Assignment: Return the following data exactly, with all pictures left out.

*** Data listing Section Begins ***

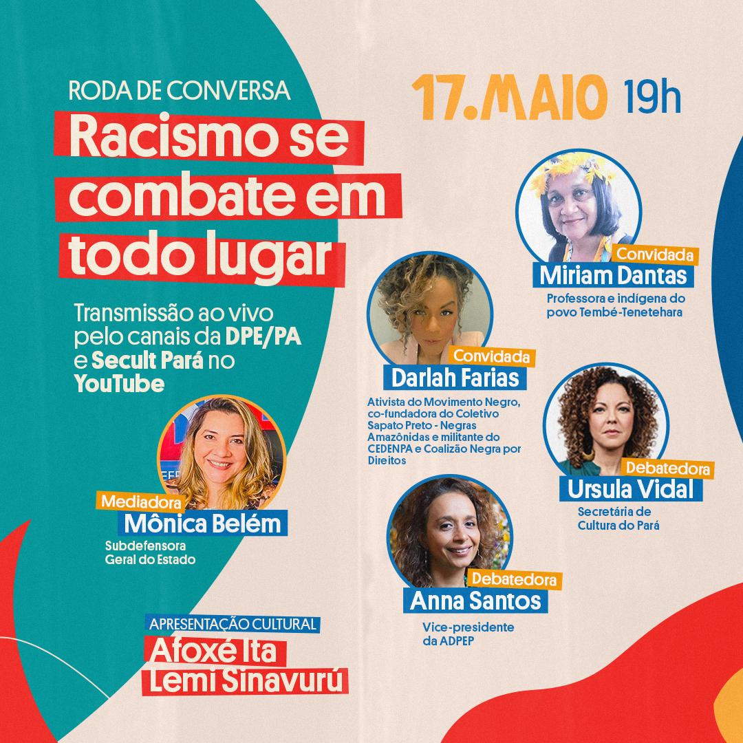 17/05; 19h – Roda de Conversa: Racismo se Combate em Todo Lugar, na Estação Gasômetro (Parque da Residência). Convidadas: Dharla Farias (advogada, ativista do Movimento Negro, coofundadora do Coletivo Sapato Preto – negras Amazônida e membra/militante do CEDENPA e da Coalizao Negra por Direitos) e Mirian Dantas (indígena do Povo Tenetechar-Tembé, mestre em Psicologia Clínica e Social pela UFPA). Debatedoras: Ursula Vidal (secretária de Cultura do Estado), Anna Izabel e Silva Santos (Vice-Presidente da ADPEP). Mediadora: Sub-Defensora Geral Mônica Belém. Teremos a apresentação de Edson Catendê. O evento será transmitido pelo canal do YouTube da SECULT e DPPA.
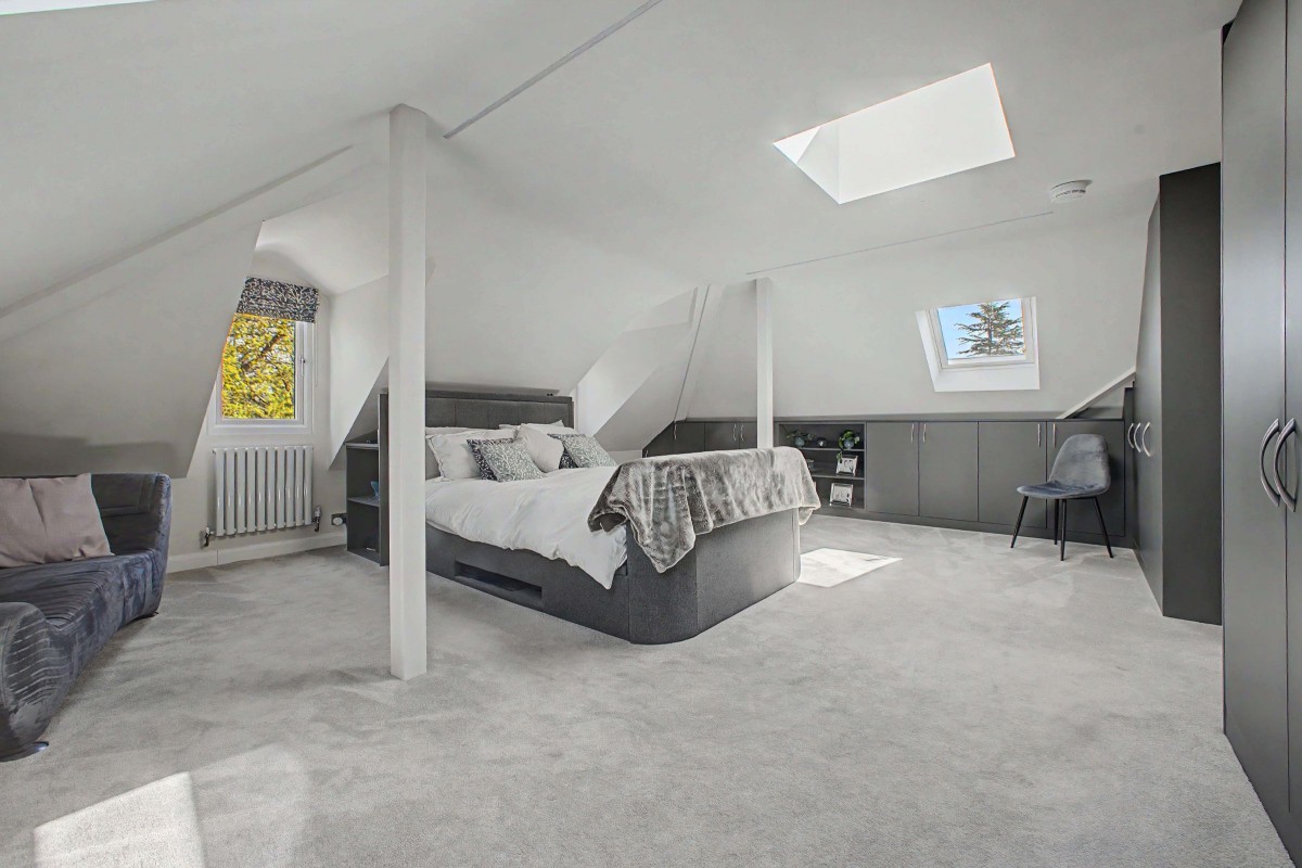 The top of the house is dedicated to a superb master suite, creating a private retreat set apart from the rest of the house. Generously sized and filled with natural light, this space includes a spacious bedroom offering both comfort and a sense of luxury.
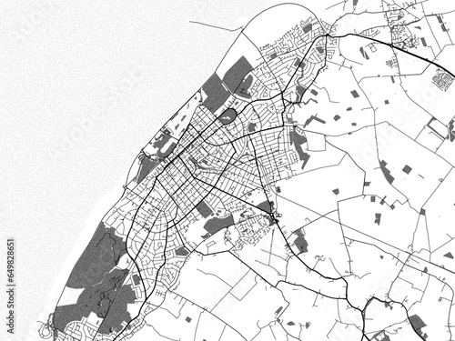 Naklejka premium Greyscale vector city map of Southport in the United Kingdom with with water, fields and parks, and roads on a white background.
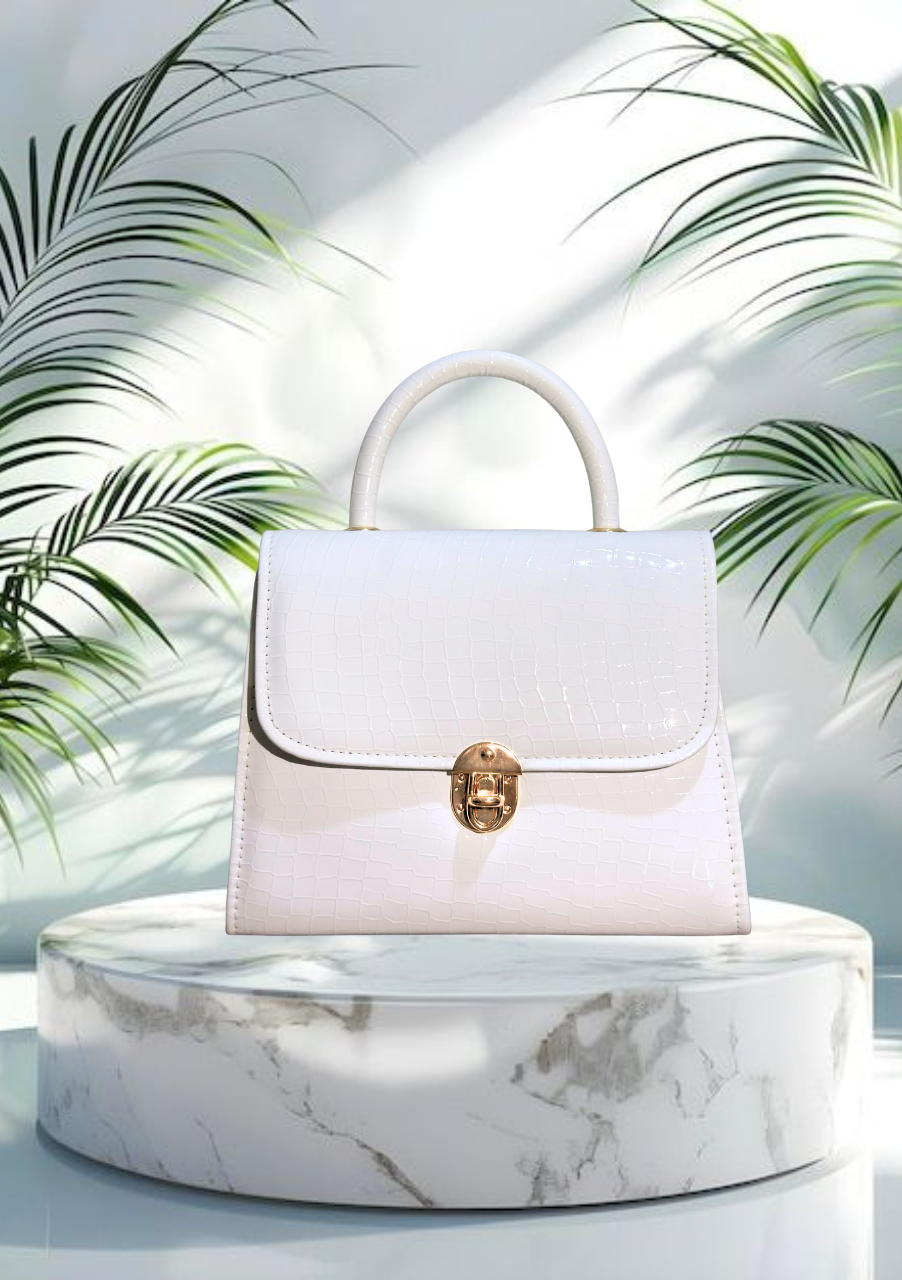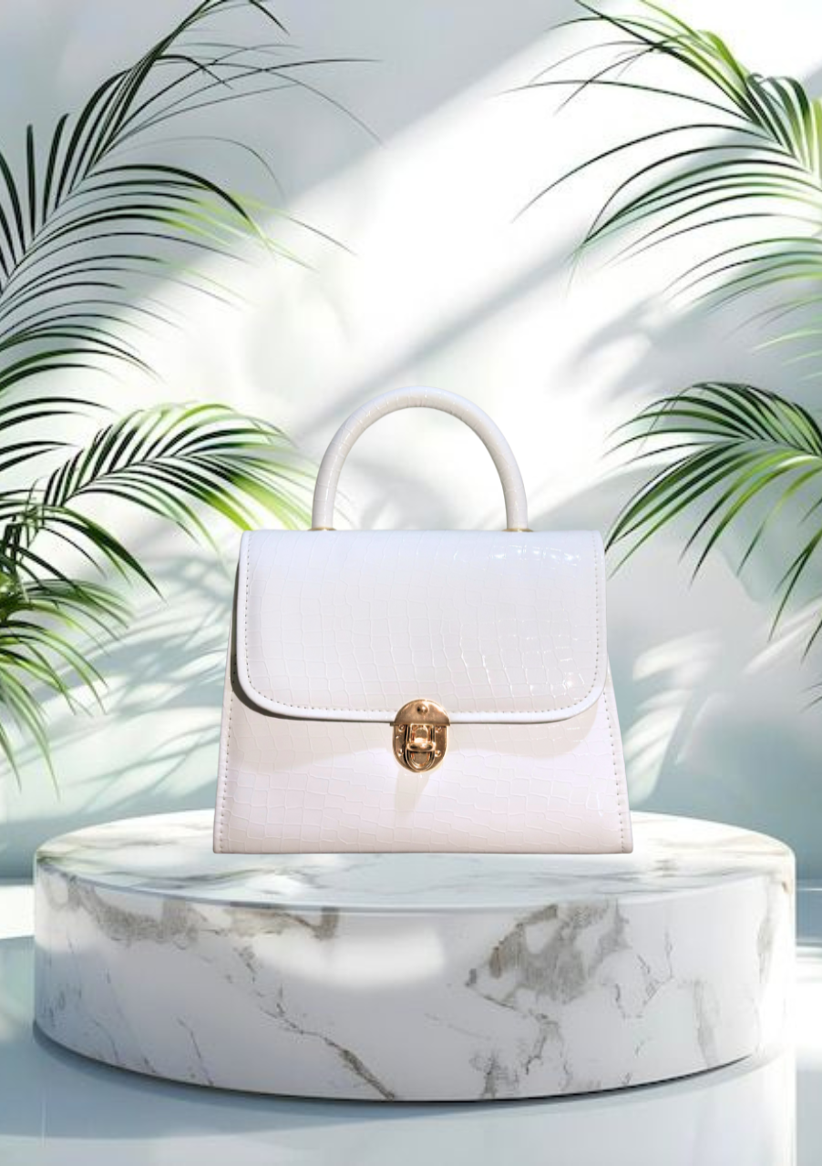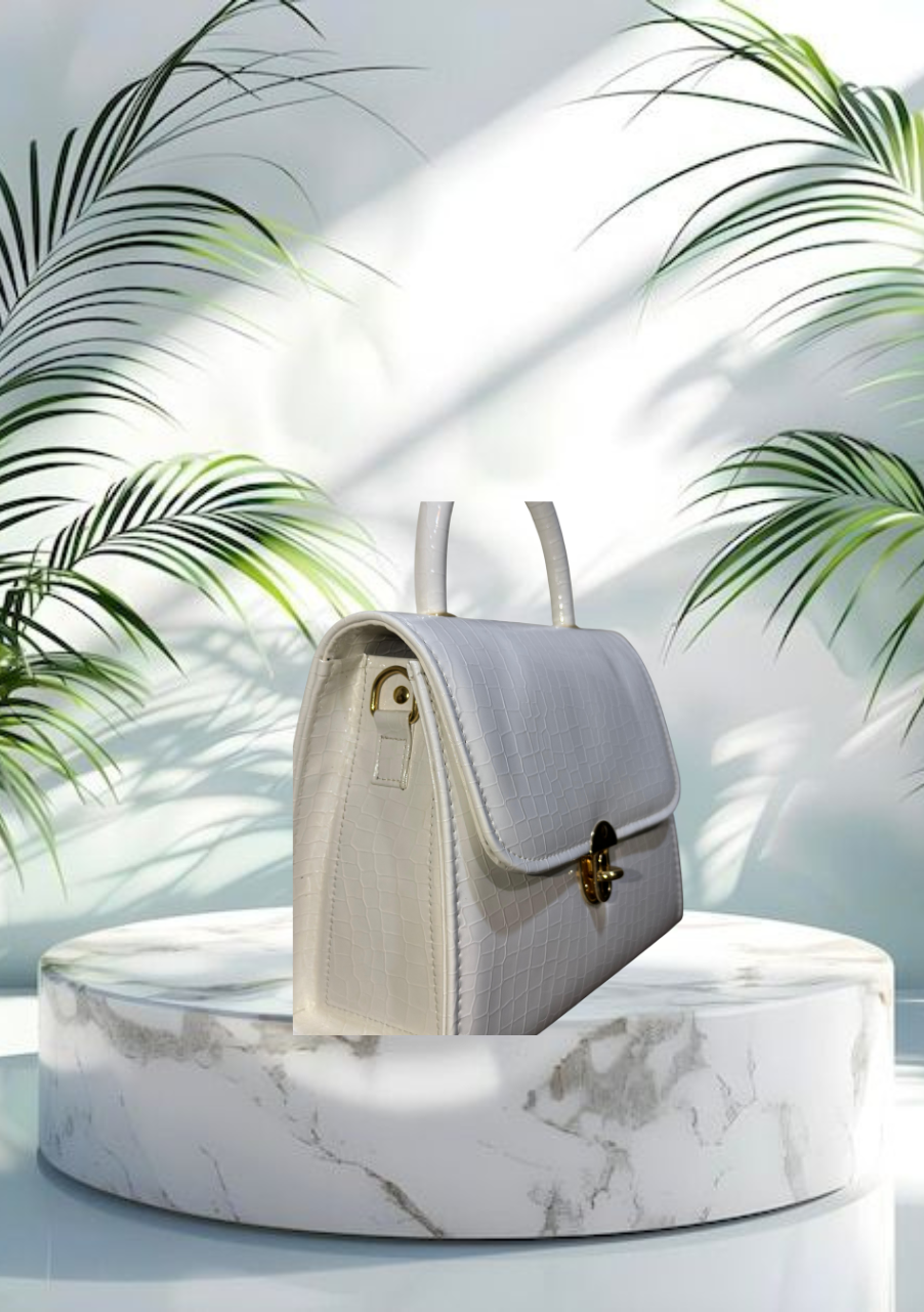 Elevate your style with this luxury white croc-embossed handbag, designed for women who love timeless elegance with a modern touch. Crafted from premium faux leather with a sleek crocodile texture, this structured top handle purse is the perfect companion for both day and night.
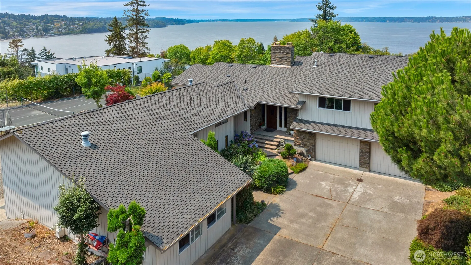 Set on a gated private street of only five residences, this 1.46-acre estate offers a peaceful sanctuary close to town. The ~3,950 sq ft main home features a harmonious layout with expansive areas for entertaining, four bedrooms tucked away, and views of the Sound. Enhancing the grounds are a sport court, circular driveway, and generous space for bespoke landscaping or gardening. The presidential roof (2005) and oak hardwoods (2024) add timeless appeal. Rounding out the estate is a separate ~1330 sq ft 1BR+.75BA guest home complete with a cozy loft and its own parking pad, offering versatility or rental income. Cherished for over 2 decades, this home’s potential stands poised to fulfill its next steward’s vision of their forever home.
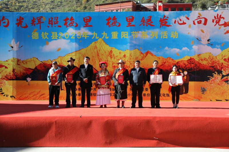 活動中,德欽縣縣委、政府負責(zé)人分別為2023年德欽縣“黨的光輝照梅里 梅里銀發(fā)心向黨”重陽節(jié)系列慶?;顒又罗o,并通報了德欽縣2023年經(jīng)濟社會發(fā)展情況。
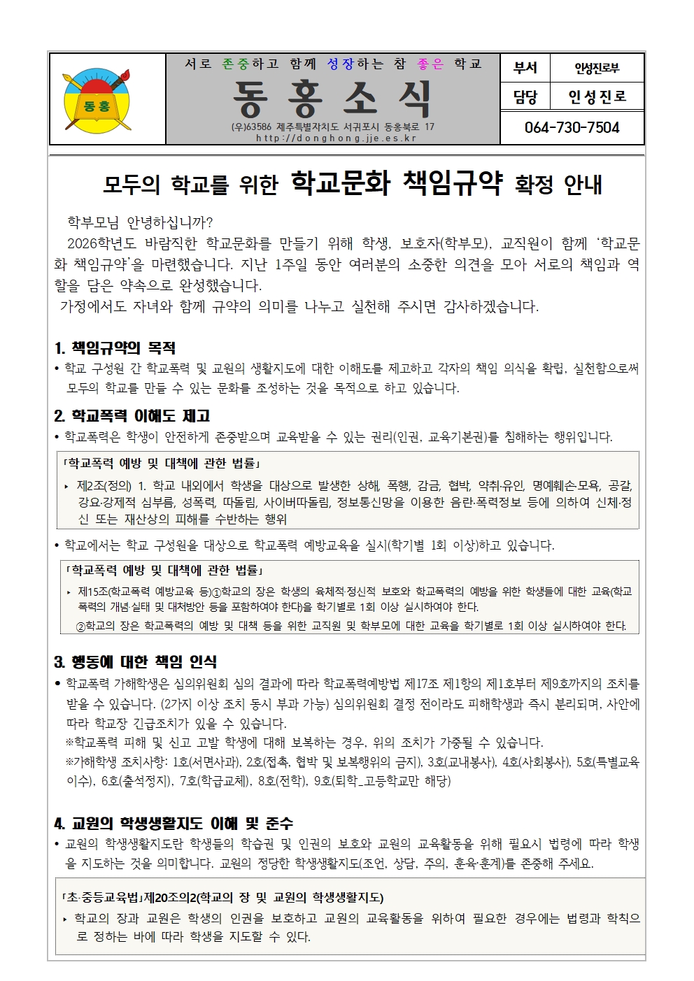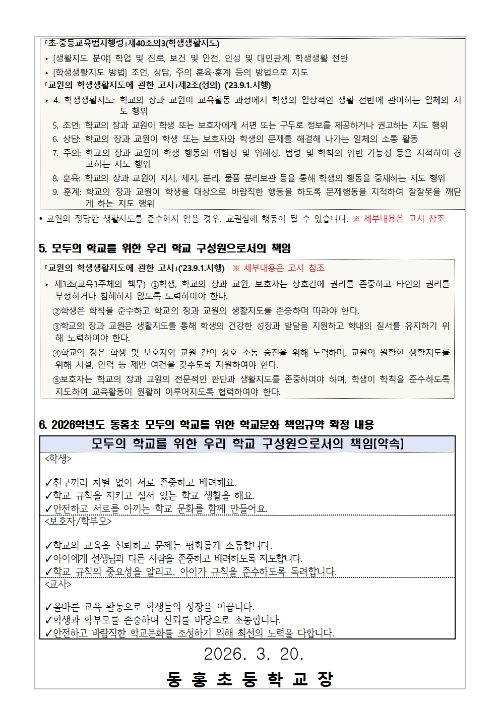 2026학년도 동홍초 모두의 학교를 위한 학교책임문화 규약 확정 안내

*** Data listing Section Ends ***

The completed task:
 17/05; 19h – Roda de Conversa: Racismo se Combate em Todo Lugar, na Estação Gasômetro (Parque da Residência). Convidadas: Dharla Farias (advogada, ativista do Movimento Negro, coofundadora do Coletivo Sapato Preto – negras Amazônida e membra/militante do CEDENPA e da Coalizao Negra por Direitos) e Mirian Dantas (indígena do Povo Tenetechar-Tembé, mestre em Psicologia Clínica e Social pela UFPA). Debatedoras: Ursula Vidal (secretária de Cultura do Estado), Anna Izabel e Silva Santos (Vice-Presidente da ADPEP). Mediadora: Sub-Defensora Geral Mônica Belém. Teremos a apresentação de Edson Catendê. O evento será transmitido pelo canal do YouTube da SECULT e DPPA.
 The top of the house is dedicated to a superb master suite, creating a private retreat set apart from the rest of the house. Generously sized and filled with natural light, this space includes a spacious bedroom offering both comfort and a sense of luxury.
 Naklejka premium Greyscale vector city map of Southport in the United Kingdom with with water, fields and parks, and roads on a white background.
 Elevate your style with this luxury white croc-embossed handbag, designed for women who love timeless elegance with a modern touch. Crafted from premium faux leather with a sleek crocodile texture, this structured top handle purse is the perfect companion for both day and night.
 Set on a gated private street of only five residences, this 1.46-acre estate offers a peaceful sanctuary close to town. The ~3,950 sq ft main home features a harmonious layout with expansive areas for entertaining, four bedrooms tucked away, and views of the Sound. Enhancing the grounds are a sport court, circular driveway, and generous space for bespoke landscaping or gardening. The presidential roof (2005) and oak hardwoods (2024) add timeless appeal. Rounding out the estate is a separate ~1330 sq ft 1BR+.75BA guest home complete with a cozy loft and its own parking pad, offering versatility or rental income. Cherished for over 2 decades, this home’s potential stands poised to fulfill its next steward’s vision of their forever home.
 活動中,德欽縣縣委、政府負責(zé)人分別為2023年德欽縣“黨的光輝照梅里 梅里銀發(fā)心向黨”重陽節(jié)系列慶?;顒又罗o,并通報了德欽縣2023年經(jīng)濟社會發(fā)展情況。
 2026학년도 동홍초 모두의 학교를 위한 학교책임문화 규약 확정 안내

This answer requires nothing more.